Dementsprechend ist nicht nur das Lausanner Spital davon betroffen. Auch die Universitätsspitäler Zürich und Basel bestätigen die Schwierigkeiten.
Unispitäler Zürich & Basel erwarten deutlichen Anstieg an Engpässen
Das UZH schildert gegenüber Nau.ch eine klar verstärkte Mangellage: «2020 und 2021 waren es um die 200 Lieferengpässe pro Jahr», so Mediensprecher Claudio Jörg. Jetzt im September sei die Zahl der 200 Engpässe schon erreicht worden. Die Tendenz sei also steigend.

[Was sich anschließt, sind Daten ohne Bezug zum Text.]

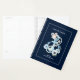 Modern watercolors light-blue painted wood nautical boat anchor with white and navy-blue flowers.

«Uns ist wichtig zu betonen, dass die Patientinnen und Patienten trotz dieses Umstandes gut behandelt werden können», fügt Jörg hinzu. Denn nicht jeder Unterbruch führe automatisch zu fehlenden Medikamenten. Allerdings bedeute es für das betroffene Personal einen erheblichen Aufwand: Sie müssten Ersatzmittel definieren, die Umstellung kommunizieren, das Lager anpassen und interne Richtlinien sowie Standardabläufe ändern.
Umfrage
Nehmen Sie regelmässig Medikamente?
In Basel verzeichne das Personal seit Anfang Jahr schon 279 Lieferengpässe. Ende 2022 erwarte das Universitätsspital «eine deutliche Steigerung auf zirka 450», sagt Mediensprecherin Caroline Johnson. Eigene Präparate müsse das USB aber nicht herstellen.
In den meisten Fällen gelinge die Umstellung auf das Generikum oder das Original, je nachdem. Oder aber man verwende Produkte mit ähnlichen Wirkstoffen oder Anwendungsgebieten. Allenfalls könne durch Importe aus dem Ausland, wie man es in Lausanne macht, die Lücke geschlossen werden. In jedem Fall aber benötige es immer wie mehr personelle Ressourcen, sagt Johnson.